Copy every line of the data below exactly as given, except for the pictures.

» DATASET EXTRACT:
++++++++

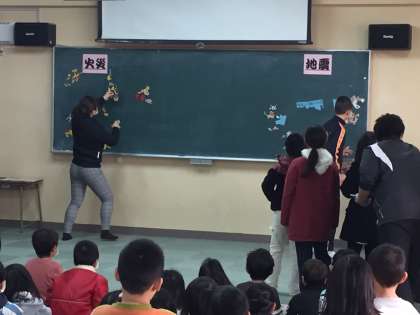 まず中学生がクマモンダンスを披露して、それをみんなでを踊りました。そのあと小学生VS教師の災害パズルゲーム大会で場を盛り上げてくれました。
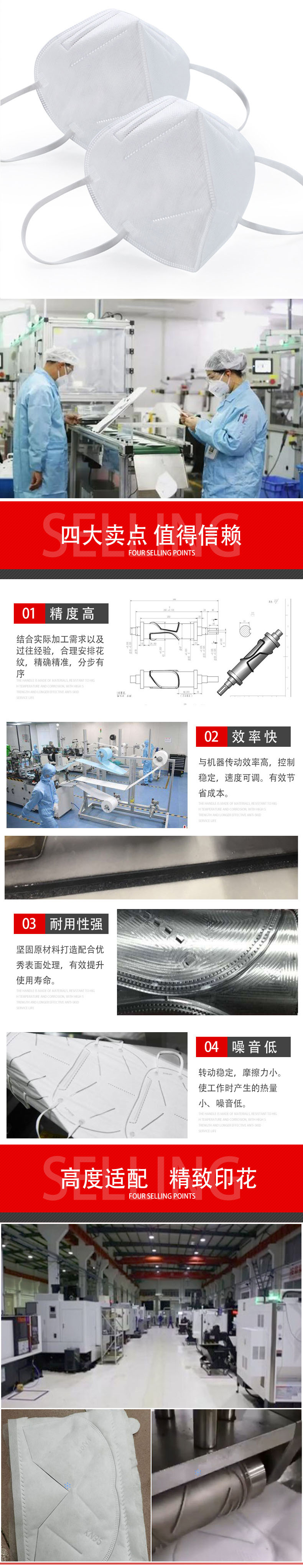 2、kn95口罩機壓花輥傳動精準,控制穩定,速度可調,操作簡單快捷,節省加工時間與加工成本。
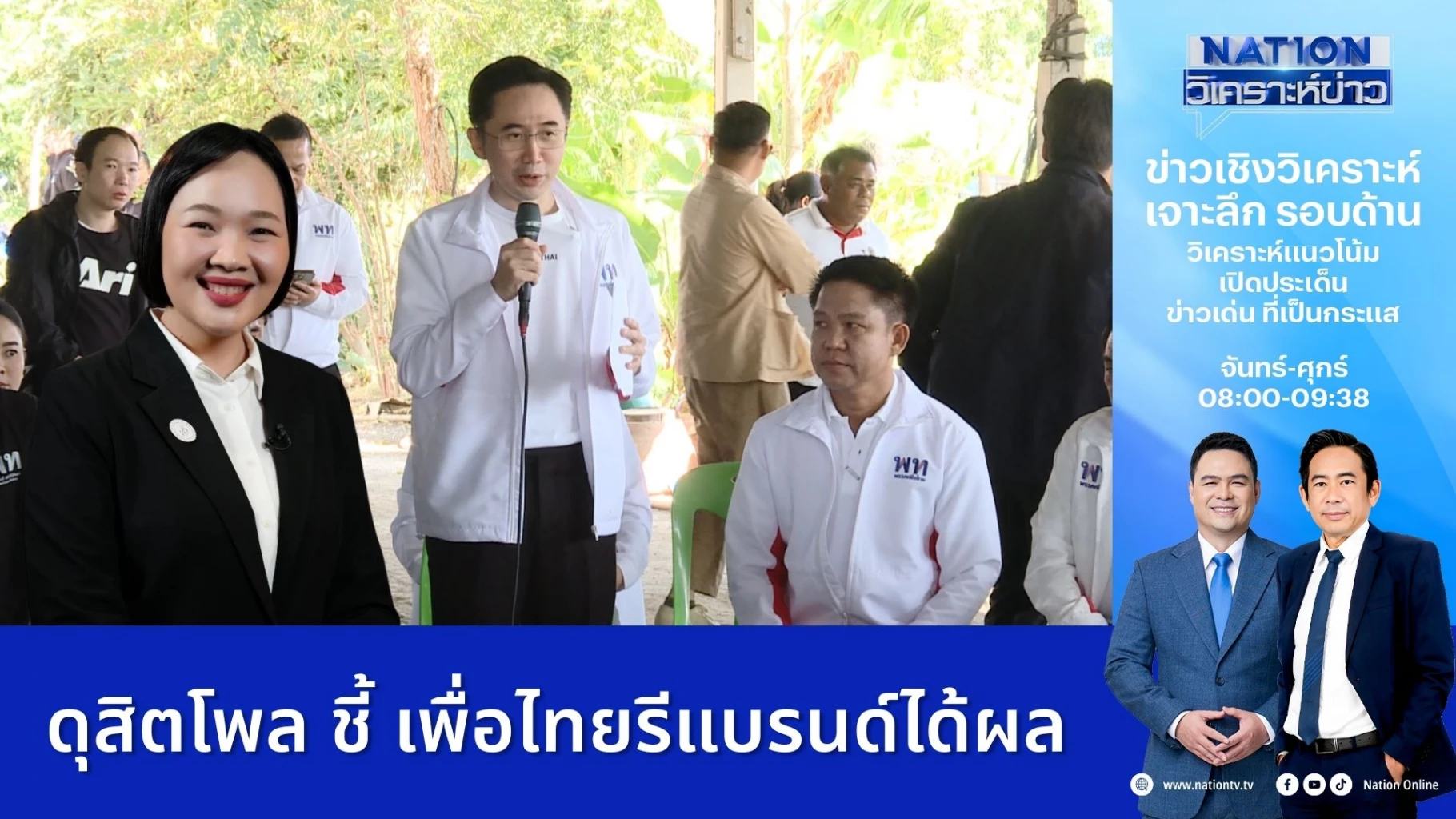 ดร.พรพรรณ บัวทอง ผอ.สวนดุสิตโพล เผย จากการสำรวจคะแนนนิยมล่าสุดพบว่าพรรคเพื่อไทย คะแนนนิยมสูงขึ้น หลังจากรีแบรนด์พรรคใหม่ ชู “ยศชนัน” แคนดิเดตนายกฯ ของพรรคเพื่อไทย ซึ่ง “ยศชนัน” สื่อสารถูกใจประชาชน ทำให้คะแนนพุ่ง โดยเฉพาะพื้นที่ภาคอีสาน เหนือ ส่วน กทม.คะแนนยังไม่สูง ขณะที่ เหตุภัยพิบัติหาดใหญ่ - รบกัมพูชาค้างคา ฉุดคะแนนพรรคภูมิใจไทย

++++++++

» WRITTEN SOLUTION:
 まず中学生がクマモンダンスを披露して、それをみんなでを踊りました。そのあと小学生VS教師の災害パズルゲーム大会で場を盛り上げてくれました。
 2、kn95口罩機壓花輥傳動精準,控制穩定,速度可調,操作簡單快捷,節省加工時間與加工成本。
 ดร.พรพรรณ บัวทอง ผอ.สวนดุสิตโพล เผย จากการสำรวจคะแนนนิยมล่าสุดพบว่าพรรคเพื่อไทย คะแนนนิยมสูงขึ้น หลังจากรีแบรนด์พรรคใหม่ ชู “ยศชนัน” แคนดิเดตนายกฯ ของพรรคเพื่อไทย ซึ่ง “ยศชนัน” สื่อสารถูกใจประชาชน ทำให้คะแนนพุ่ง โดยเฉพาะพื้นที่ภาคอีสาน เหนือ ส่วน กทม.คะแนนยังไม่สูง ขณะที่ เหตุภัยพิบัติหาดใหญ่ - รบกัมพูชาค้างคา ฉุดคะแนนพรรคภูมิใจไทย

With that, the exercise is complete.